** WHAT NEEDS TO BE DONE **
With the material below, print exactly the lines between the line holding "一般的な通称としては「キャプ" and the line holding "كرمت جامعة الإمام", inclusive. Add nothing else.

** DATA FOR THE TASK **
......

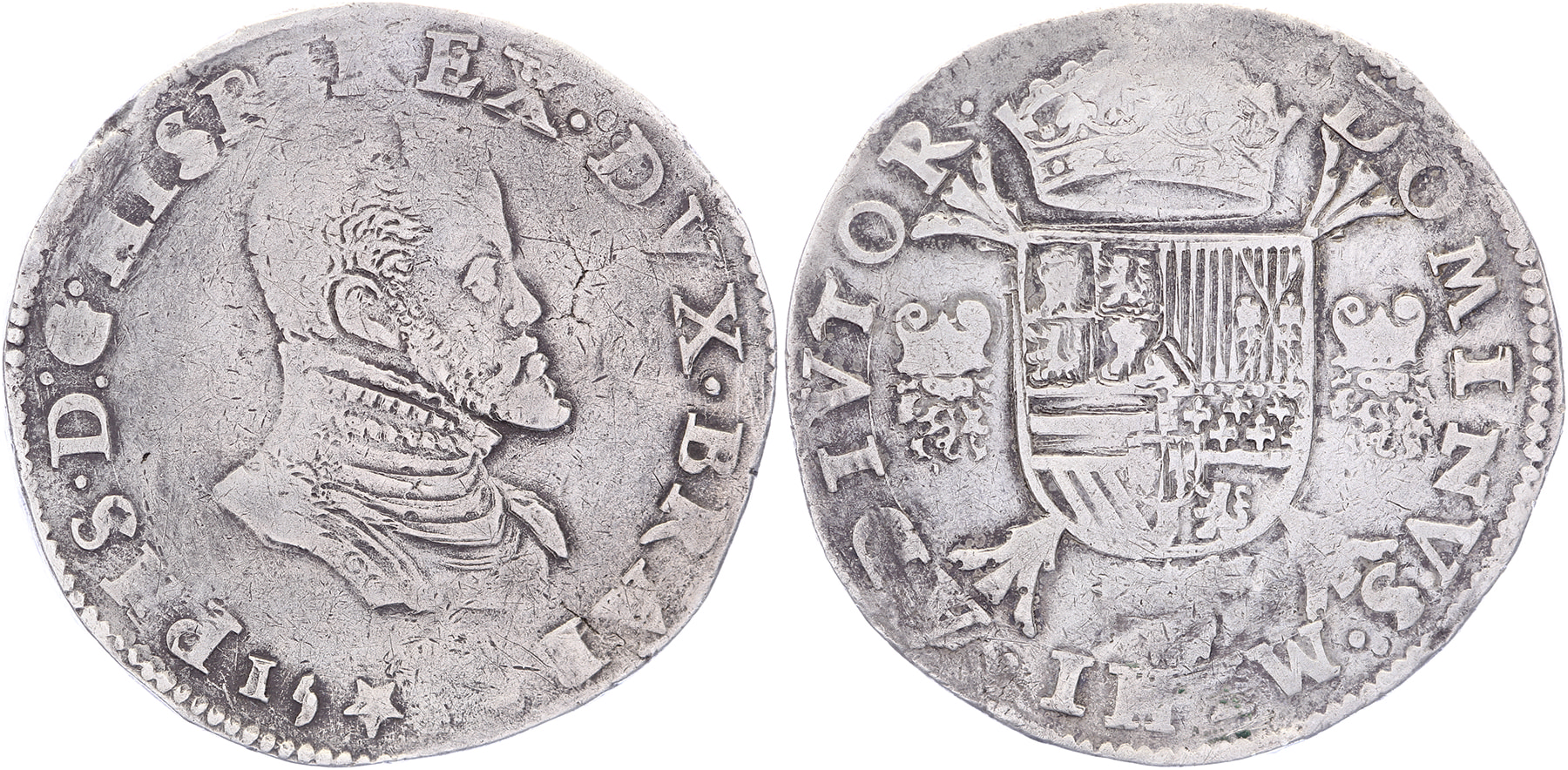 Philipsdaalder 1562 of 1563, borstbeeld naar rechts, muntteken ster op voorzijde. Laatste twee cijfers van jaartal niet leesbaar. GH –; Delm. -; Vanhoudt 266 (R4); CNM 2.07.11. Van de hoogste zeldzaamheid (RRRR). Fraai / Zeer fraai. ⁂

......

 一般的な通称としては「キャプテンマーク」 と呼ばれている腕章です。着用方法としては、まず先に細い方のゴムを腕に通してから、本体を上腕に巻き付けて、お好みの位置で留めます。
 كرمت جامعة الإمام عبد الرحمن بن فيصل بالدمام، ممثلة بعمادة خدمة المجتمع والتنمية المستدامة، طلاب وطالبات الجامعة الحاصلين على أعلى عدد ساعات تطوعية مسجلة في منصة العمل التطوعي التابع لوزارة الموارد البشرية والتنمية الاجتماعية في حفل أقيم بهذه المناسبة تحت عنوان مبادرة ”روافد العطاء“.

......

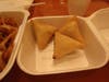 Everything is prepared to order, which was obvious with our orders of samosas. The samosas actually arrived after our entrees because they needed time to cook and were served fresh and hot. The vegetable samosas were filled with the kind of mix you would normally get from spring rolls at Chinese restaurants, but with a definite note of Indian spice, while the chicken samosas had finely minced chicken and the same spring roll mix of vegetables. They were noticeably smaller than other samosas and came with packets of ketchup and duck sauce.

......

** ANSWER BELOW **
 一般的な通称としては「キャプテンマーク」 と呼ばれている腕章です。着用方法としては、まず先に細い方のゴムを腕に通してから、本体を上腕に巻き付けて、お好みの位置で留めます。
 كرمت جامعة الإمام عبد الرحمن بن فيصل بالدمام، ممثلة بعمادة خدمة المجتمع والتنمية المستدامة، طلاب وطالبات الجامعة الحاصلين على أعلى عدد ساعات تطوعية مسجلة في منصة العمل التطوعي التابع لوزارة الموارد البشرية والتنمية الاجتماعية في حفل أقيم بهذه المناسبة تحت عنوان مبادرة ”روافد العطاء“.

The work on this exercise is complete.